(YOUR INSTRUCTIONS): For this exercise, write out every entry exactly and leave the pictures out.

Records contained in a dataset
● ● ● ● ●

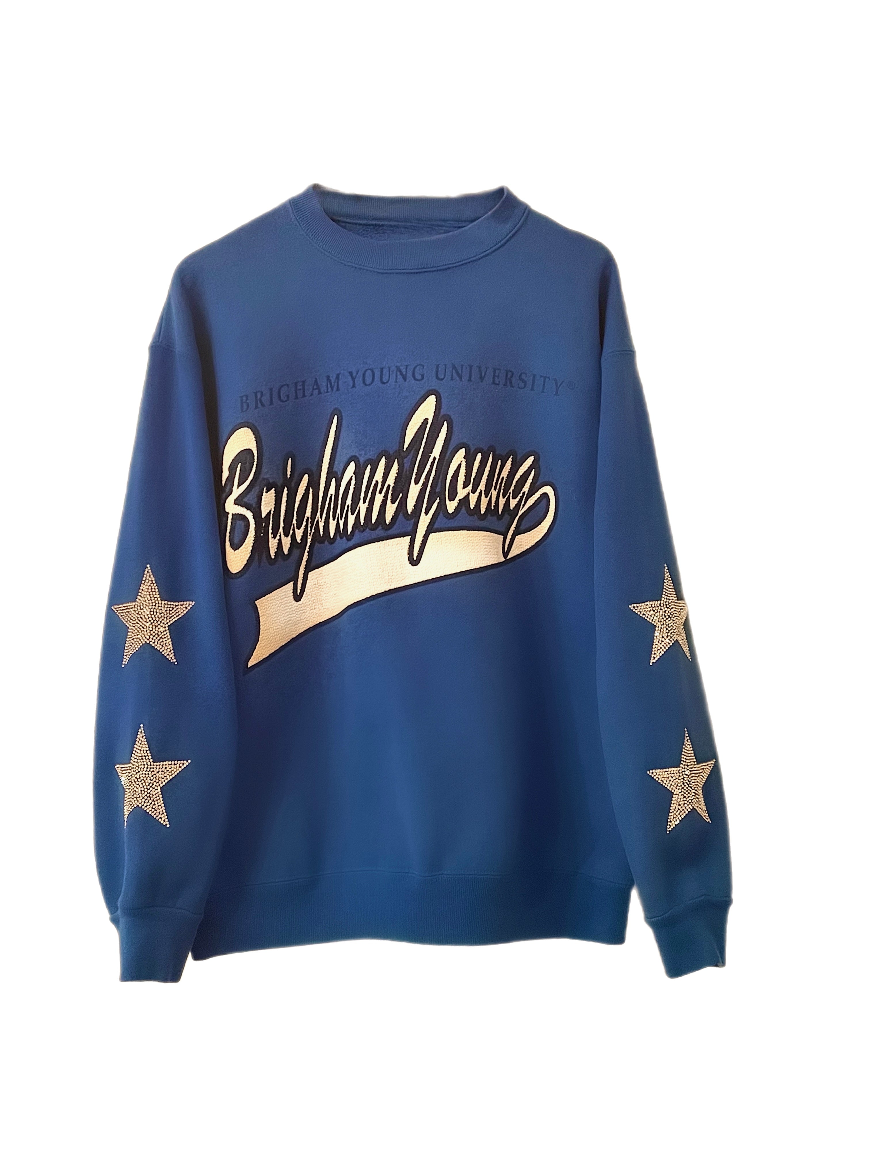 Brigham Young University, One of a KIND Vintage BYU Cougars Sweatshirt with Crystal Star Design.
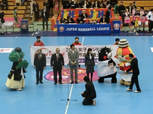 日本ハンドボールリーグ戦のオムロン対北國銀行の観戦に5,6年生の14名の子どもたちと行ってきました。開会のセレモニーや選手紹介、ハーフタイムのくまモンダンスなど、大きな大会ならではの演出と一流のプレーに会場は大盛り上がりでした。残念ながら、試合は前半つけられた3点差をなかかな詰めることができず、最後は23対24の1点差でオムロンが負けてしまいました。2019年には女子ハンドボール世界選手権が開催され、山鹿市総合体育館も会場になります。みんなで大会を盛り上げたいものです。残りの写真は行事アルバムに掲載します。
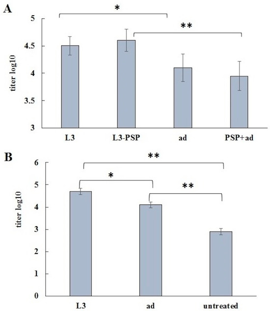 A comparative analysis of sera from the control groups (L3 and ad) and untreated animals indicated that both subcutaneous adjuvant administration and oral administration of the unmodified E. faecium L3 probiotic strain resulted in the accumulation of class A antibodies in the blood, capable of binding to the PSP antigen. Notably, this accumulation was more pronounced following oral administration of the probiotic bacteria (Figure 8B).
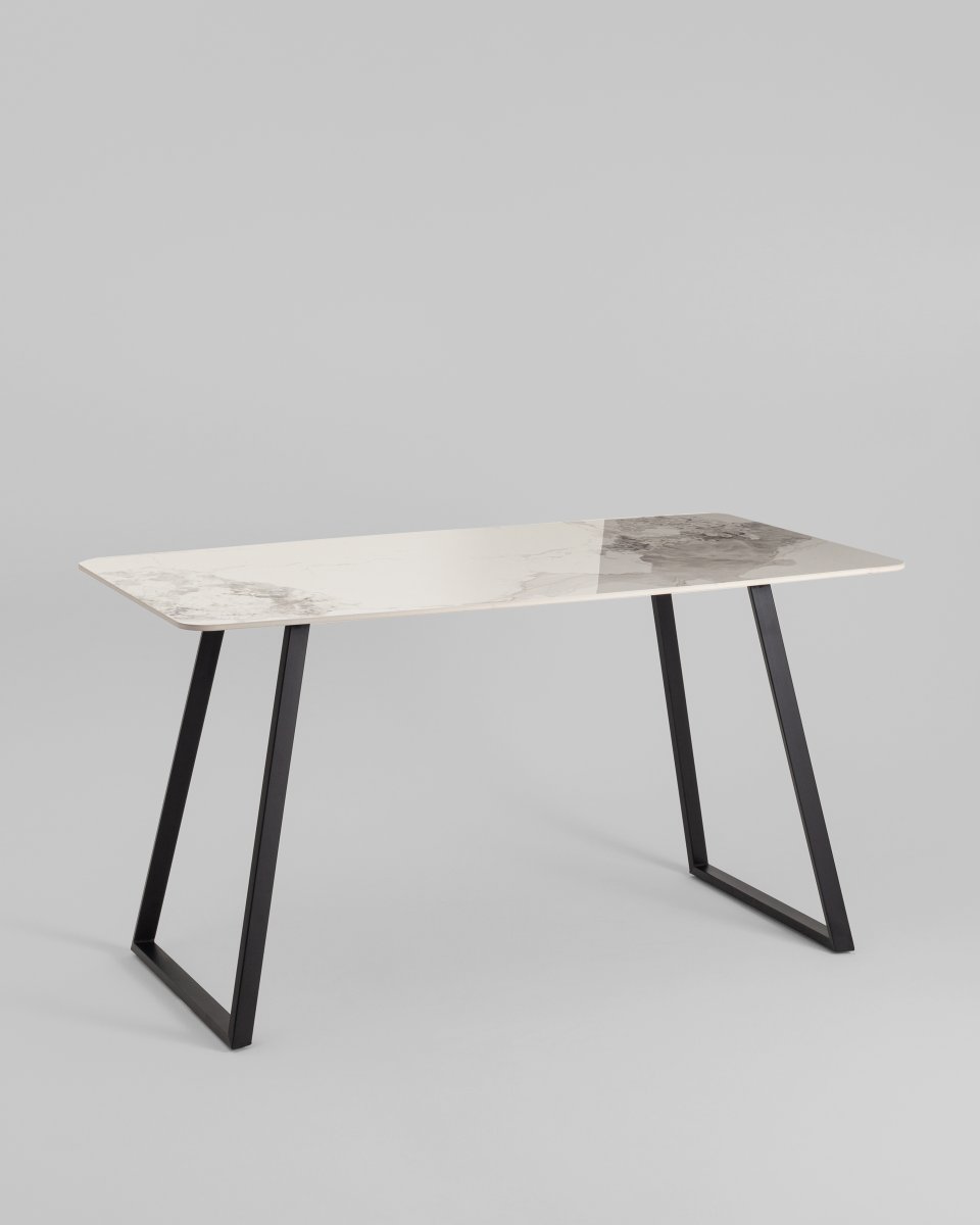 Стол обеденный Vermont 140*80 см керамика светлая ножки черные
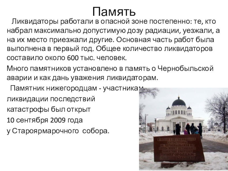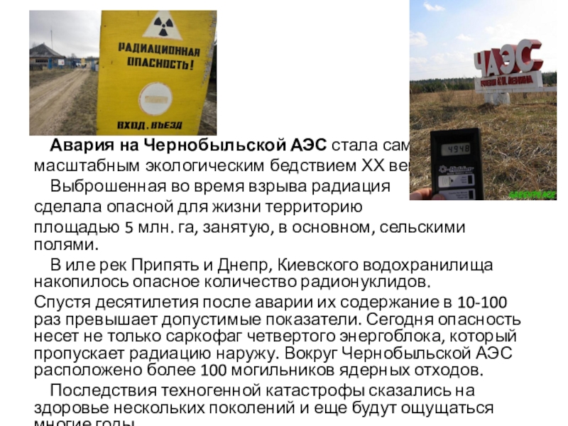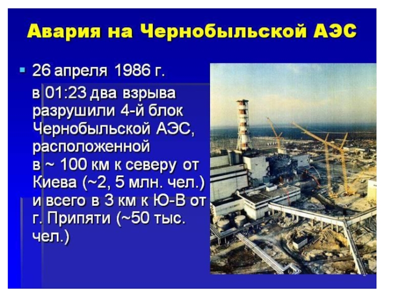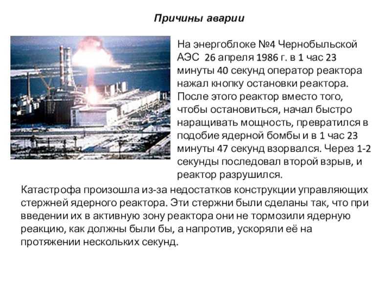 кнопку остановки реактора. После этого реактор вместо того, чтобы остановиться, начал быстро наращивать мощность, превратился в подобие ядерной бомбы и в 1 час 23 минуты 47 секунд взорвался. Через 1-2 секунды последовал второй взрыв, и реактор разрушился.Катастрофа произошла из-за недостатков конструкции управляющих стержней ядерного реактора. Эти стержни были сделаны так, что при введении их в активную зону реактора они не тормозили ядерную реакцию, как должны были бы, а напротив, ускоряли её на протяжении нескольких секунд.
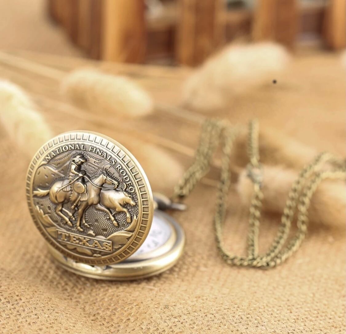 懐中時計42 テキサスロデオデザインブロンズクォーツネックレスチェーンになります。
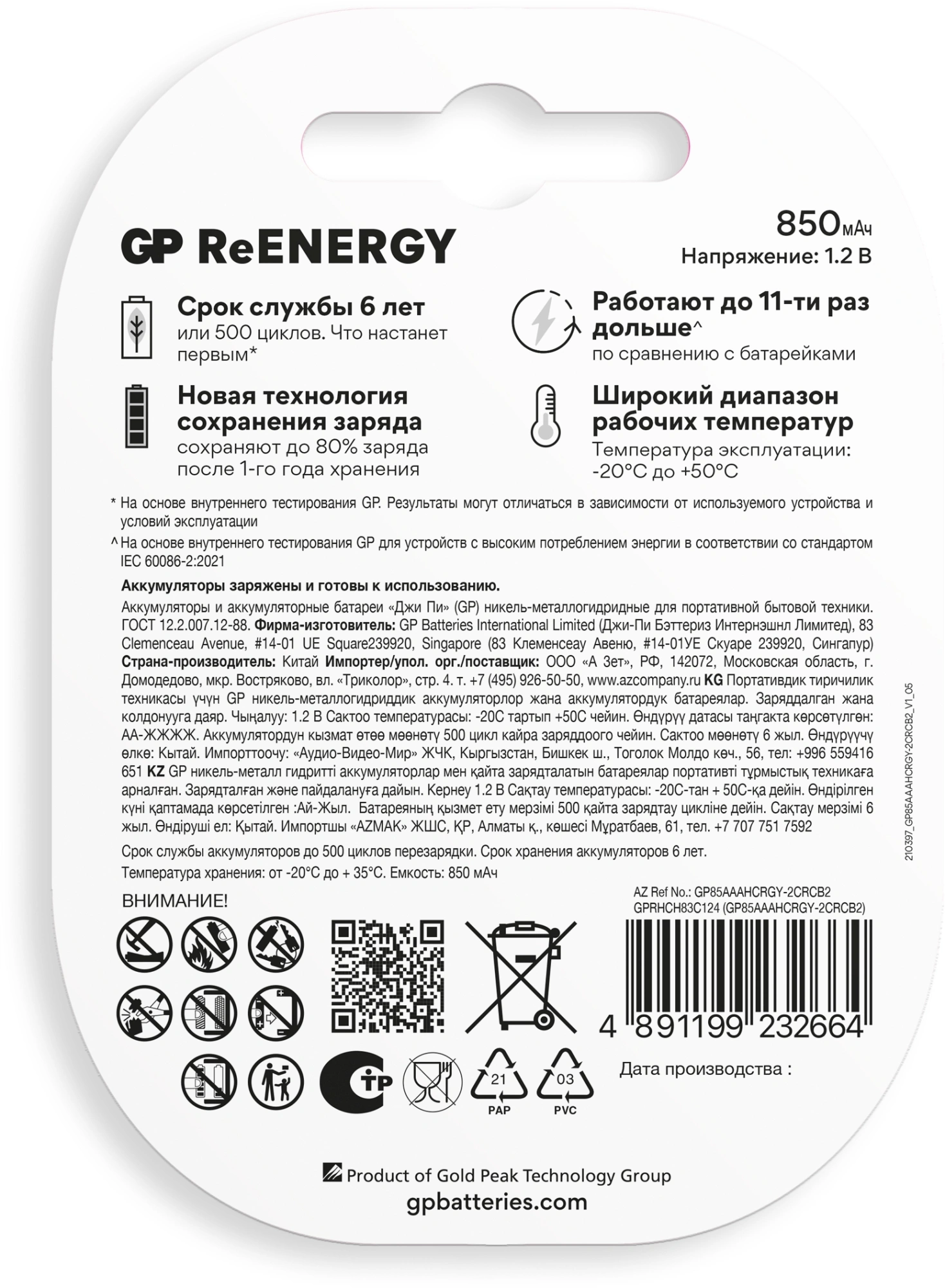 AAA NiMH 850mAh (2шт)
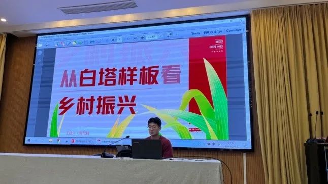 座谈会开始,马克思主义学院2021级本科生团支部成员蔡恺翔同学以《从白塔样板看乡村振兴》为题展开分享交流。他从白塔村样本引入,从产业兴旺、生态宜居、乡风文明、治理有效和生活富裕五个方面展开对白塔村乡村振兴的路径进行了深入的探究。接着,马克思主义学院2021级硕士生第二党支部成员黄梦茜同学进行《协商治理助推乡村振兴——以安徽省天长市郑集镇向阳社区为例》的主题宣讲。黄梦茜从我国基层治理的一个社区为案例,通过对该社区协商治理的政策导向、治理模式、取得成效的分析,以小见大地挖掘在我国乡村振兴背景下基层民主制度建设的重要作用。
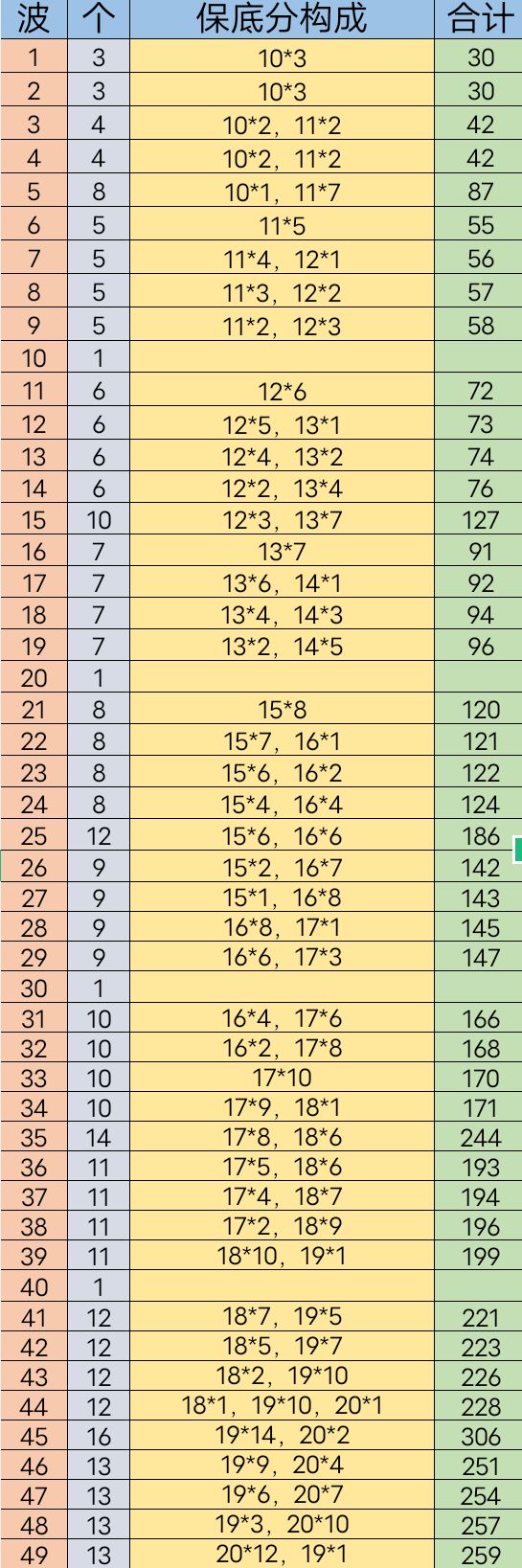 1-49波怪物保底分构成(不含BOSS)

● ● ● ● ●

(RESULT BELOW):
 Brigham Young University, One of a KIND Vintage BYU Cougars Sweatshirt with Crystal Star Design.
 日本ハンドボールリーグ戦のオムロン対北國銀行の観戦に5,6年生の14名の子どもたちと行ってきました。開会のセレモニーや選手紹介、ハーフタイムのくまモンダンスなど、大きな大会ならではの演出と一流のプレーに会場は大盛り上がりでした。残念ながら、試合は前半つけられた3点差をなかかな詰めることができず、最後は23対24の1点差でオムロンが負けてしまいました。2019年には女子ハンドボール世界選手権が開催され、山鹿市総合体育館も会場になります。みんなで大会を盛り上げたいものです。残りの写真は行事アルバムに掲載します。
 A comparative analysis of sera from the control groups (L3 and ad) and untreated animals indicated that both subcutaneous adjuvant administration and oral administration of the unmodified E. faecium L3 probiotic strain resulted in the accumulation of class A antibodies in the blood, capable of binding to the PSP antigen. Notably, this accumulation was more pronounced following oral administration of the probiotic bacteria (Figure 8B).
 Стол обеденный Vermont 140*80 см керамика светлая ножки черные
 кнопку остановки реактора. После этого реактор вместо того, чтобы остановиться, начал быстро наращивать мощность, превратился в подобие ядерной бомбы и в 1 час 23 минуты 47 секунд взорвался. Через 1-2 секунды последовал второй взрыв, и реактор разрушился.Катастрофа произошла из-за недостатков конструкции управляющих стержней ядерного реактора. Эти стержни были сделаны так, что при введении их в активную зону реактора они не тормозили ядерную реакцию, как должны были бы, а напротив, ускоряли её на протяжении нескольких секунд.
 懐中時計42 テキサスロデオデザインブロンズクォーツネックレスチェーンになります。
 AAA NiMH 850mAh (2шт)
 座谈会开始,马克思主义学院2021级本科生团支部成员蔡恺翔同学以《从白塔样板看乡村振兴》为题展开分享交流。他从白塔村样本引入,从产业兴旺、生态宜居、乡风文明、治理有效和生活富裕五个方面展开对白塔村乡村振兴的路径进行了深入的探究。接着,马克思主义学院2021级硕士生第二党支部成员黄梦茜同学进行《协商治理助推乡村振兴——以安徽省天长市郑集镇向阳社区为例》的主题宣讲。黄梦茜从我国基层治理的一个社区为案例,通过对该社区协商治理的政策导向、治理模式、取得成效的分析,以小见大地挖掘在我国乡村振兴背景下基层民主制度建设的重要作用。
 1-49波怪物保底分构成(不含BOSS)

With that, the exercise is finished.